Apply emollients frequently and liberally – don’t rub the cream in circles or up and down – just use gentle downwards strokes.
Immediately after bathing apply non-fragranced emollient as this will help trap the water under it and thereby aid re-hydration. Take the emollient out of the pot with a clean spoon each time rather than using your fingers, to avoid contaminating the cream.
Use a bath mat as emollients can make the bath slippery.
Wash clothes just in water, or in the minimum effective quantity of non-biological, un-perfumed washing powder. If you do use powder, give clothes an extra rinse. Avoid fabric conditioners.
Wear cotton (100%organic if possible as these garments will not have pesticide residues on them) or natural silk next to the skin. Wool and man-made fibres can irritate the skin. Use cotton sheets and duvet covers in beds.
Keep bedrooms cool – overheating makes eczema worse. Warm, moist environments also encourage house dust mites. That said, eczema can also flair up in cold conditions which can dry the skin so try to keep the ambient environment not too cold or hot. Around 18 degrees is good for bedrooms.
Keep pets out of the bedroom – animal dander can make eczema worse. Regular damp dusting and vacuuming will help to keep the dust levels down.
Steroid creams can stop eczema from getting worse (this can happen very quickly so act fast). These are safe so long as they are prescribed by your child’s doctor and you follow the instructions carefully. However, they should be spread thinly, used sparingly and stopped when the redness disappears. Do not use longer than prescribed or you risk thinning your child’s skin and creating longer-term issues.
Some doctors recommend washing bath toys in the dishwasher to keep them clean. Wash soft toys in the washing machine.
Some eczema sufferers report that some foods make their eczema worse and cut out certain foods from their diet – for example, dairy foods. Don’t make dietary changes to your child without talking to your GP first. Cutting out important foods such as milk, dairy products, wheat or eggs should be recommended by a medical professional and supervised.
Cut out refined sugar. There’s no benefit to eating refined sugar, and it can often cause eczema to flare up.

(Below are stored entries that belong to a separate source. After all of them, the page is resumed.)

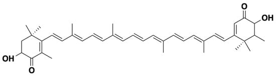 Astaxanthin (3,3′-dihydroxy-β-carotene-4,4′-dione) is part of the xanthophylls family—carotenoids-oxygenated derivatives. The basic skeleton is an unsaturated hydrocarbon chain with 40 carbon atoms with thirteen conjugated double bonds that are perfectly symmetrical with respect to positions 15-15′ (Figure 1).
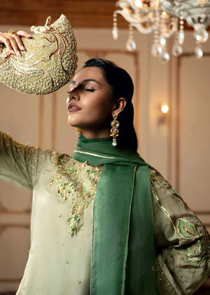 suit from our latest collection. The sky blue chiffon silk shirt is adorned with intricate resham and tilla embroidery, complemented by delicate sequins and crystal hand embellishments. The organza dupatta features stunning embroidered borders, secured with a zari Dori on all four sides. Complete the look with the premium pk silk flayered trousers. Embrace luxury and elegance like never before.
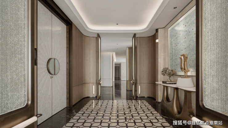 透过鞋柜看向过道,门全部做了到顶的处理,中间的腰线在公共开放区域是整体贯穿的元素,并结合柜门的开启高度,硬包的中线高度等等做了一个整体的联系。

Some eczema sufferers report that their eczema improves if they swim fairly frequently at the public pool. The suggestion is that the chlorine in the water kills bacteria on the skin surface of some eczema sufferers. However, other people report it makes their eczema worse. This is because there are different types of eczema – some respond well to chlorine and others respond badly. If you do take your child to the public pool to swim, try to notice how their eczema is affected. If it improves, mention this to your child’s doctor, and keep going swimming. If it is exacerbated, stop swimming – or at least wash really thoroughly afterwards – and also mention to the doctor.

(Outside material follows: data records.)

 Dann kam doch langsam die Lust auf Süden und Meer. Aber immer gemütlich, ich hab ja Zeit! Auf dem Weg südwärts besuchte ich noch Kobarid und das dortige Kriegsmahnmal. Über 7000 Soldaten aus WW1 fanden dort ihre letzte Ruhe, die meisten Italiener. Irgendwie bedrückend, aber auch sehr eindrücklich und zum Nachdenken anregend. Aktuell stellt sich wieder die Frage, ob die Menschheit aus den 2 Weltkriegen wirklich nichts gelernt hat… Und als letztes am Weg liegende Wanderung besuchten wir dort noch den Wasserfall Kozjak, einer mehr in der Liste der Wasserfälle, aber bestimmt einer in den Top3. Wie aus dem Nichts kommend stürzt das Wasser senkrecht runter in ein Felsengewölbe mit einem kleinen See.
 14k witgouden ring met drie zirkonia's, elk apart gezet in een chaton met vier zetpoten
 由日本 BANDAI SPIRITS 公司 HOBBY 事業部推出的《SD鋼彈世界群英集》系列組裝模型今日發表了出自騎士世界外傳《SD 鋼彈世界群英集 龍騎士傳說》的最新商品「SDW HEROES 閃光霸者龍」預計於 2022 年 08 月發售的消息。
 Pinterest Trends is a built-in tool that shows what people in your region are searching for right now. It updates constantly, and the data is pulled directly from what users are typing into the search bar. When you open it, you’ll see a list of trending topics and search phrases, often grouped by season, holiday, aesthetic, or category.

A lot of research suggests that eczema might be tied up with allergies and asthma. Probiotics can help with all these conditions – so try these with your child to see if they help. They may take a while to show an improvement so be patient.
Gut flora is a new and interesting area of research surrounding eczema, allergies, and asthma. Scientists believe there is a correlation between low gut flora and the incidence of allergies, asthma, and eczema. Ways to increase gut flora might include letting your kids play outside and get dirty. Antibiotics can also wipe out gut flora so try not to request these from your doctor unless necessary.
References and further reading
Negar Foolad, BA; Elizabeth A. Brezinski, BA; Elizabeth P. Chase, MD; April W. Armstrong, MD, MPH (2013) Effect of Nutrient Supplementation on Atopic Dermatitis in Children; A Systematic Review of Probiotics, Prebiotics, Formula, and Fatty Acids. JAMA Dermatol. 2013;149(3):350-355. doi:10.1001/jamadermatol.2013.1495.